Issue #1 can often be overcome by adjusting the purchase price to reflect this benefit to the buyer however, issue #2 is often a showstopper impeding the sale of corporate stock. For example, imagine that the Seller is a $20 million manufacturer of snow skis which is valued at $10 million and the Acquirer has revenues of $200 million. Although a well structured stock transaction may result in total tax savings of 50% over a sale of assets, in this example these savings may only be on the order of $2 million. After considering the economic loss of the stepped up basis and some split of the tax savings between Purchaser and Seller, chances are that the Purchaser will only realize a minimal amount of net savings on the stock transaction. Let’s use a net savings of five hundred thousand dollars for this example:

It is Critical to Know Exactly Why Your Business is a “C” Corporation

The major issue for the Purchaser to consider will be:

Is it worth a savings of five hundred thousand dollars to expose their $200 million business to all the potential liabilities of the target acquisition?

Imagine that the ski manufacturer made a defective binding a year prior to the acquisition? Subsequent to the acquisition the binding failed and the skier fell and seriously injured himself. The Purchaser will be liable for the damages!

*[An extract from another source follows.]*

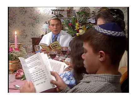
"...And you shall tell your son..."
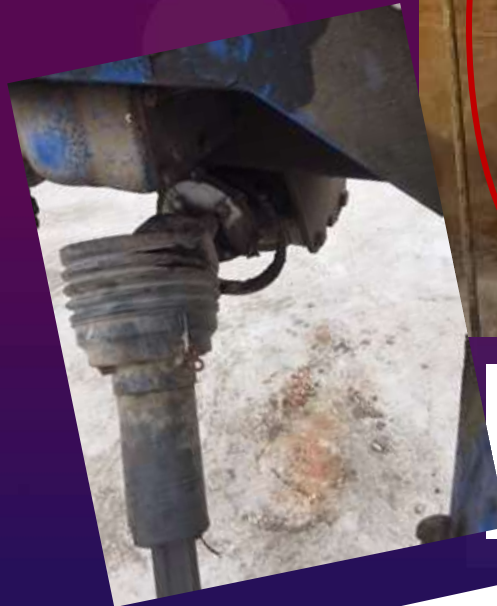
Defective PTO shaft

Product and environmental liabilities are two of the most concerning issues to potential Purchasers of corporate stock.

While a strong intermediary may be able to overcome such liability issues and subsequently structure a sale of corporate stock that will work for both parties, corporations should review the current pros and cons of the “C” corporation status and consider converting to an LLC or S corporation well in advance of the sale of the business. If converting to an S corporation is not possible, don’t lose sleep yet. It may be possible to structure a transaction that will allocate the purchase price so not to be exposed to double taxation. For example, professional service businesses may be able to allocate a substantial portion of the price to personal goodwill, which bypasses the corporate level tax. Additionally, retainers and non-compete agreements may be negotiated which will also bypass the corporate tax.

It is critically important to hire a strong transaction team (accountant, attorney and intermediary) that has substantial negotiation and structuring experience. When it comes to selling a “C” corporation the transaction can become much more complex and the team’s structuring tactics even more crucial. An effective deal structure will maximize the amount the Seller will have to show for a lifetime of sweat equity. Note: A strong intermediary will advise you on required skill se of the team members and coordinate the team member’s activities.

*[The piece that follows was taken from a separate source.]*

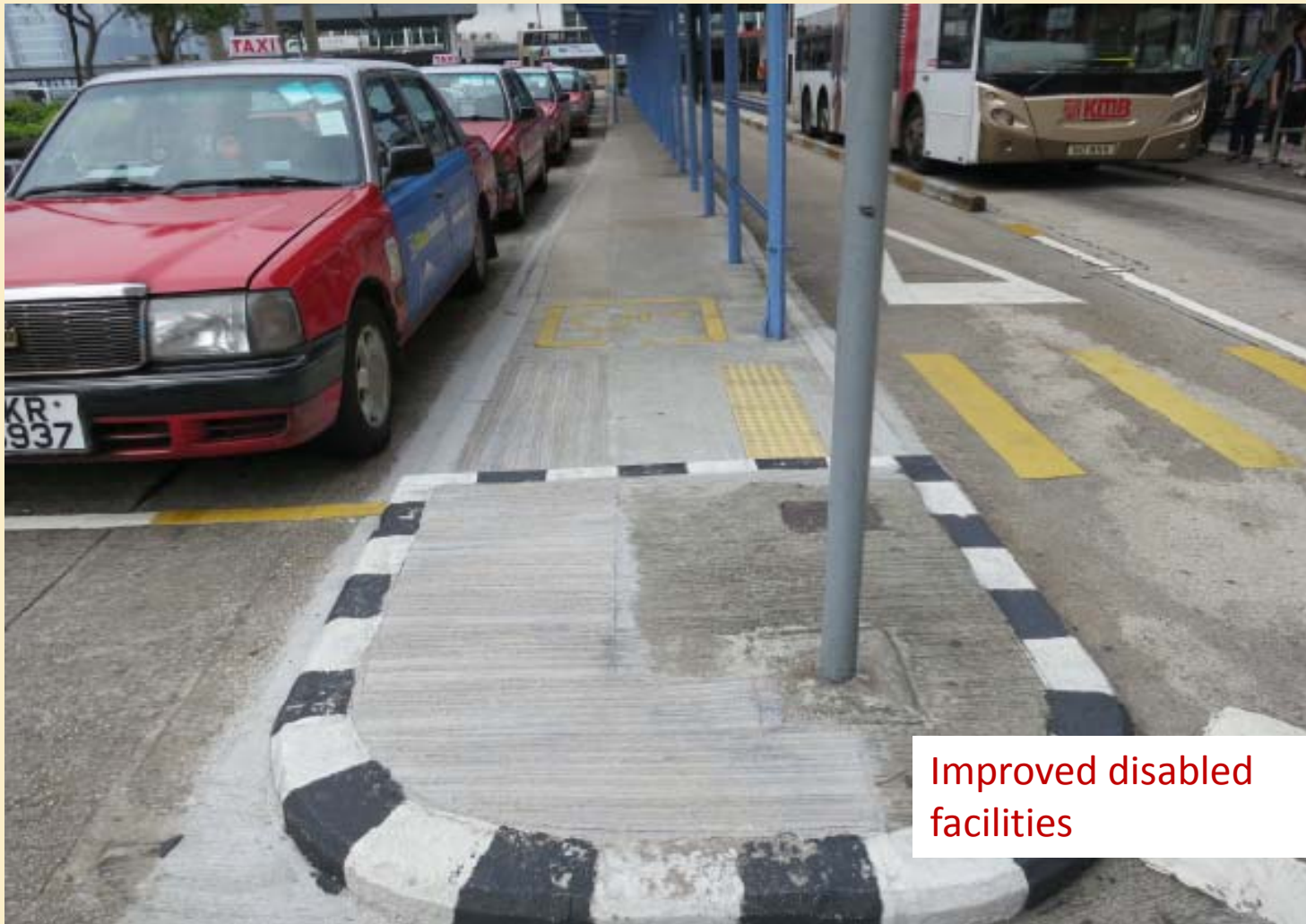
Improved disabled facilities

Conversion from a Subchapter S to a “C” corporation is not a problem from a tax perspective. However, going from a “C” corporation to an S can be a taxable event if the value of the corporation has appreciated since its formation. Note that generally, you cannot convert a corporation to an LLC. You will need to dissolve your corporation. Once having done this, generally one may form a new LLC using the same name.

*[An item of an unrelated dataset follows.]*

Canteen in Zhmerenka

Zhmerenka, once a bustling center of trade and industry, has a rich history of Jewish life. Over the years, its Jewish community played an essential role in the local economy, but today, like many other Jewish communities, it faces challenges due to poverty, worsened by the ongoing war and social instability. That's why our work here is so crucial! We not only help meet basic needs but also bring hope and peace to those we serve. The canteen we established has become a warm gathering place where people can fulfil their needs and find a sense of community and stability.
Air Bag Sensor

When an existing “C” corporation converts to an S corporation, only the post-conversion appreciation in the corporation’s assets will qualify for single level tax treatment, unless the corporation’s assets are sold more than 10 years after the date of conversion. This 10-year “look back” period prevents a “C” corporation with appreciated assets (and subject to double taxation on the sale of those assets and subsequent distribution of proceeds to its shareholders) from converting to an S corporation in order to achieve a single level of taxation.


If your company is a “C” corporation seriously consider a conversion that will lower the taxable impact on your business. If you plan to sell the business prior to ten years from the time of conversion then hire a strong team that will be able to assist in structuring a tax efficient transaction.